# Task objective
Return exactly the lines of the data below, from the one that contains "昌吉市健康西路清真寺外立面改造项目批前公示 | ||" through the final line, and leave out every picture.

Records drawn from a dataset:
━━━━━━━━━━

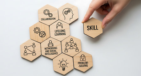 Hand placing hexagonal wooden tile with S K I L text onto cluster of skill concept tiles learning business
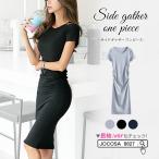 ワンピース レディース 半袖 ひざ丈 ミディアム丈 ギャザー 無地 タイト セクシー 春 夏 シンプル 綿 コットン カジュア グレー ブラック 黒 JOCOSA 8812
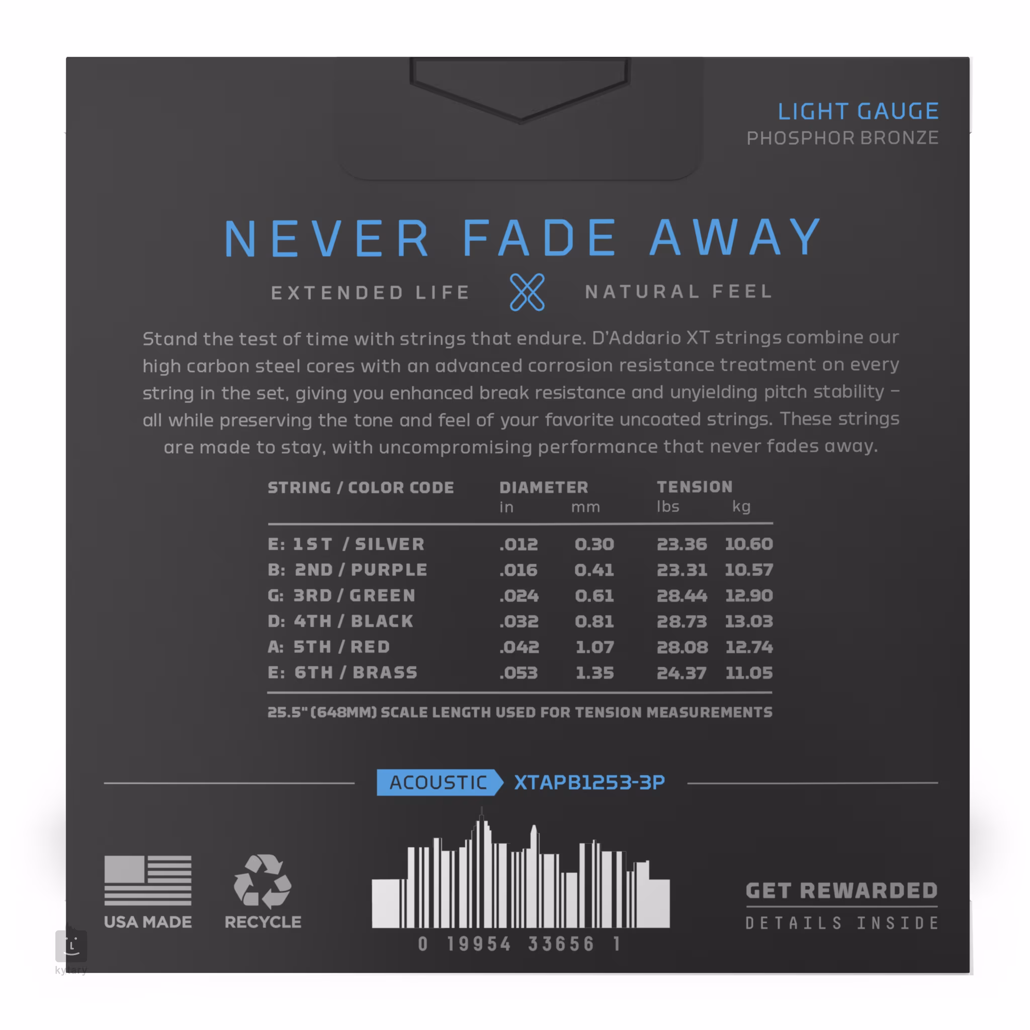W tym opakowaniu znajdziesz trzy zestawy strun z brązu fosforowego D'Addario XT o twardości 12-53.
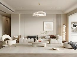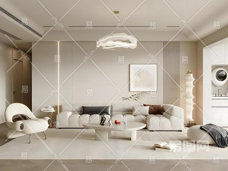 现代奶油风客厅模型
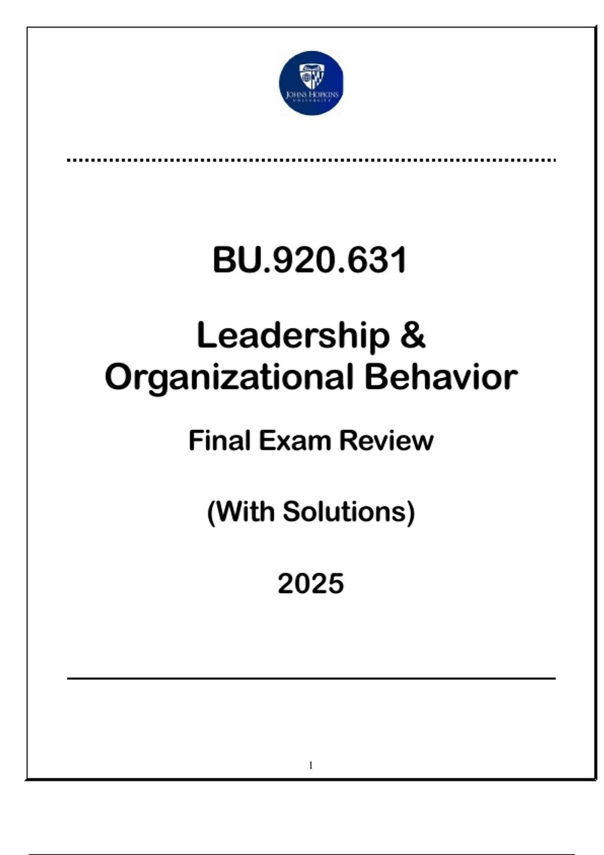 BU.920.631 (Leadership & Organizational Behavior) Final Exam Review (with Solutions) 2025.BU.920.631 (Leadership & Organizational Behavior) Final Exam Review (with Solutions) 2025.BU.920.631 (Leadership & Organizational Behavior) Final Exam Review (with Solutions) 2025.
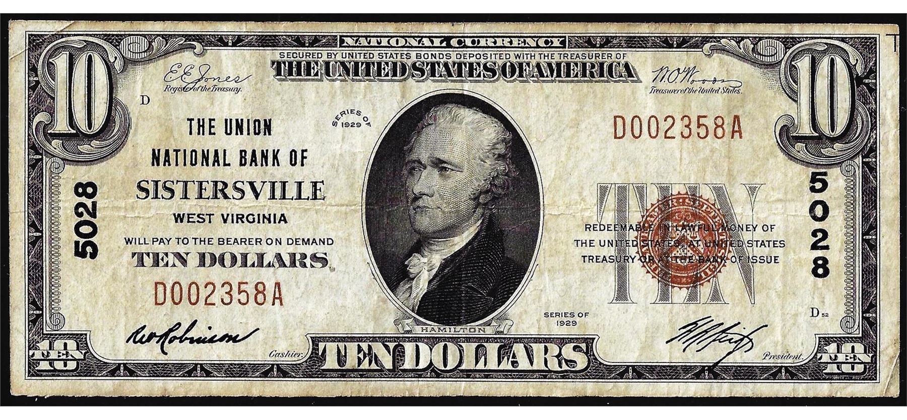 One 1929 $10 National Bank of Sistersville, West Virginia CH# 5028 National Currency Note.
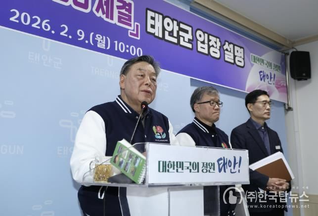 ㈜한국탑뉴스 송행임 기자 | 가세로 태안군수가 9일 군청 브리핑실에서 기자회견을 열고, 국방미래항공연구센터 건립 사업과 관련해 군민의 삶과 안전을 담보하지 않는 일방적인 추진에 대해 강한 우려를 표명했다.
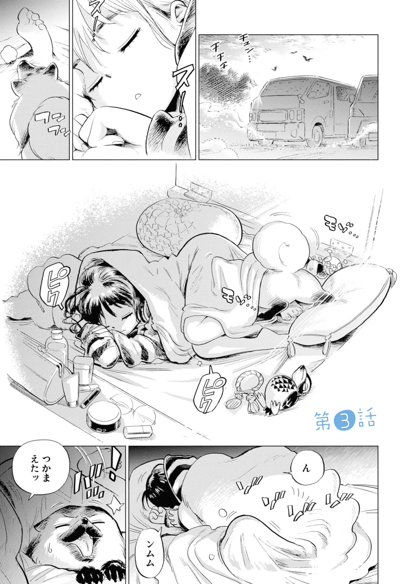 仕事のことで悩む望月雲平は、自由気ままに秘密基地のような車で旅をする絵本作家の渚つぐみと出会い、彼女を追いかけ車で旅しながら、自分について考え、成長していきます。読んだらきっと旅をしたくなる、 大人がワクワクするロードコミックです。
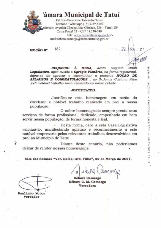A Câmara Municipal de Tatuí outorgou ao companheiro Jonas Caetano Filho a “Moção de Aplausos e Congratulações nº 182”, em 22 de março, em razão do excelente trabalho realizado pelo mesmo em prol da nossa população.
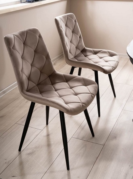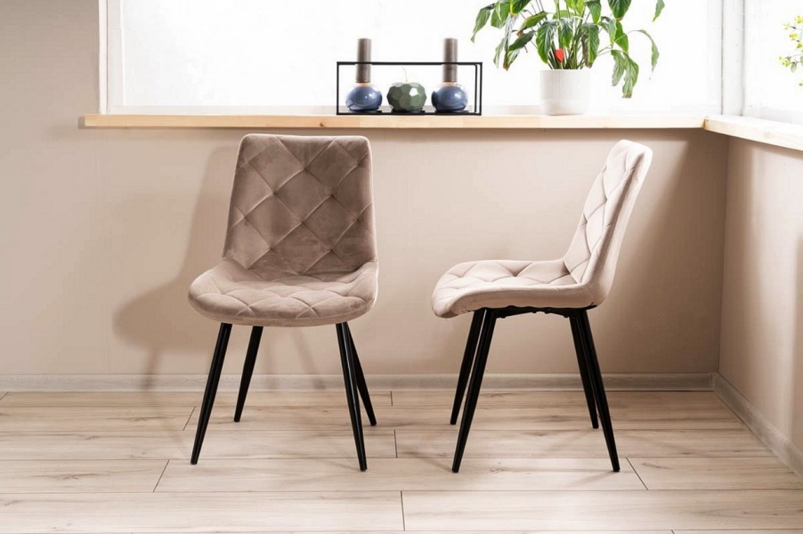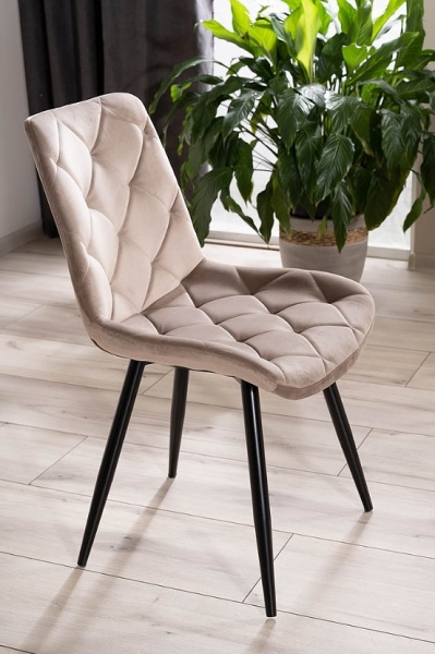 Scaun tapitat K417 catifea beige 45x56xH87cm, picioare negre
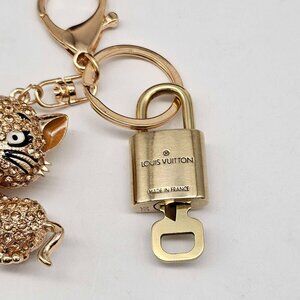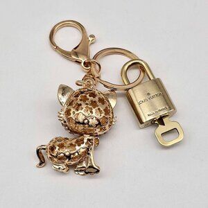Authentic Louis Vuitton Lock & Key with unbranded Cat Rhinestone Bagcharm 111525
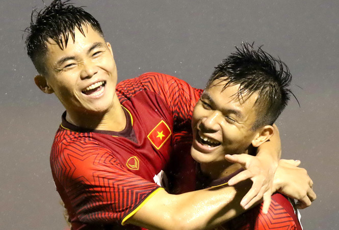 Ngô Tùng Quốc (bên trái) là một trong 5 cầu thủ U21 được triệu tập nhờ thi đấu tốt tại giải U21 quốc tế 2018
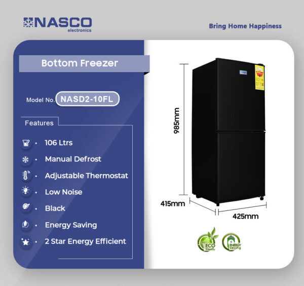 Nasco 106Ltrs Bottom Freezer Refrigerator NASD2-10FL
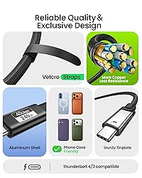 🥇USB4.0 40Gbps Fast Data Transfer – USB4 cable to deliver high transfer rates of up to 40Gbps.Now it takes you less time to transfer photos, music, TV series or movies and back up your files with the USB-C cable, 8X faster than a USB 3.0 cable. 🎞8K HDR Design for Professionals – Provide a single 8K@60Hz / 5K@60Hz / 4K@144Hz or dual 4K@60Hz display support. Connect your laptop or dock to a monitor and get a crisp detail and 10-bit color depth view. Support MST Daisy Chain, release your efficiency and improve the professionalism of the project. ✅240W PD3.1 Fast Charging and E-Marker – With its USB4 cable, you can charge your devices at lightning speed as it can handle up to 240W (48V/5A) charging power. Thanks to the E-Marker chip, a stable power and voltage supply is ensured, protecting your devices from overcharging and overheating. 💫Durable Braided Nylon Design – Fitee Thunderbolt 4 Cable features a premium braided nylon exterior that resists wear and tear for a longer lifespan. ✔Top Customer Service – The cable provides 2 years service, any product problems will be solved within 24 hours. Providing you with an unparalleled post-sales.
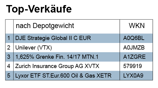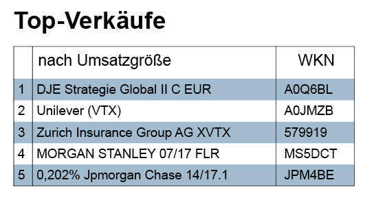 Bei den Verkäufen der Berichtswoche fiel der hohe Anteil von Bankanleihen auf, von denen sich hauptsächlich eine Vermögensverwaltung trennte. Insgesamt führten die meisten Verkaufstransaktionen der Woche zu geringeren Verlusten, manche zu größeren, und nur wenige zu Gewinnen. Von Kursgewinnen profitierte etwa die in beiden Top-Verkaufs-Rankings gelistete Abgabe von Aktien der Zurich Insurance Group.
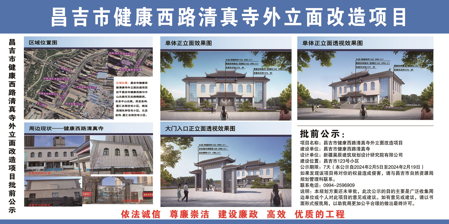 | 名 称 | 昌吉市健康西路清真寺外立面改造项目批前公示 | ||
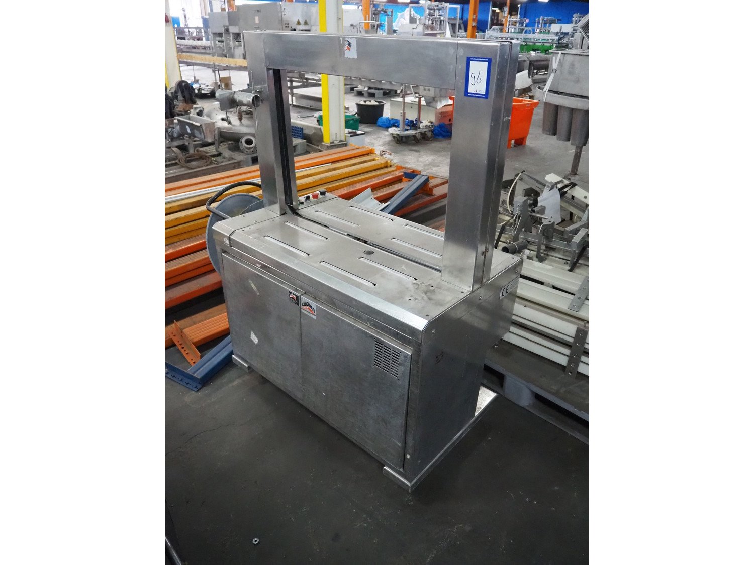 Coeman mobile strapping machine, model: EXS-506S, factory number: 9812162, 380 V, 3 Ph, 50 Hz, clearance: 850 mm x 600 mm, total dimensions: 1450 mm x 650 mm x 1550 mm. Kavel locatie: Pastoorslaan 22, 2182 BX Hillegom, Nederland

━━━━━━━━━━

# Problem solution
 | 名 称 | 昌吉市健康西路清真寺外立面改造项目批前公示 | ||
 Coeman mobile strapping machine, model: EXS-506S, factory number: 9812162, 380 V, 3 Ph, 50 Hz, clearance: 850 mm x 600 mm, total dimensions: 1450 mm x 650 mm x 1550 mm. Kavel locatie: Pastoorslaan 22, 2182 BX Hillegom, Nederland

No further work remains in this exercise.